Figure 16 - Asymmetric Cryptography

Here we can see the difference between asymmetric and symmetric cryptography. One key can be used for encryption and then the corresponding key can be used for decryption. It appears that asymmetric cryptography has solved the key distribution issue; however there are two new attributes usually associated with asymmetric cryptography

It is slow

It has a trust problem. How do I know that this is John’s public key and not someone pretending to be John?

To solve the first problem, asymmetric cryptography is usually used to securely distribute symmetric keys and sign hash codes. In short, what is actually being encrypted and decrypted is usually much smaller than actual messages. This has the nice benefit of solving the key distribution issue with symmetrical cryptography. So, in essence, symmetric keys are sent securely using asymmetric cryptography and the actual messages themselves are protected using symmetric cryptography. Cool! We get the flexibility of asymmetric cryptography and the speed of symmetric cryptography. Now we only have to solve the trust problem.
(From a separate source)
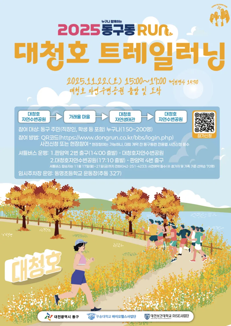 가을 대청호를 배경으로 함께 달려요! 2025 동구동런(RUN) 대청호트레일러닝 개최

In order to solve the trust problem, five things will need to be discussed:

A certificate authority – a trusted third party that creates digital certificates from certificate requests

A certificate request – a public key associated with identity information that will serve as the basic building block for a digital certificate that the certificate authority will create and sign.

A digital certificate – a public key associated with identity information that is digitally signed by the certificate authority.

A digital signature – the hash of the digital certificate encrypted by the private key of the certificate authority.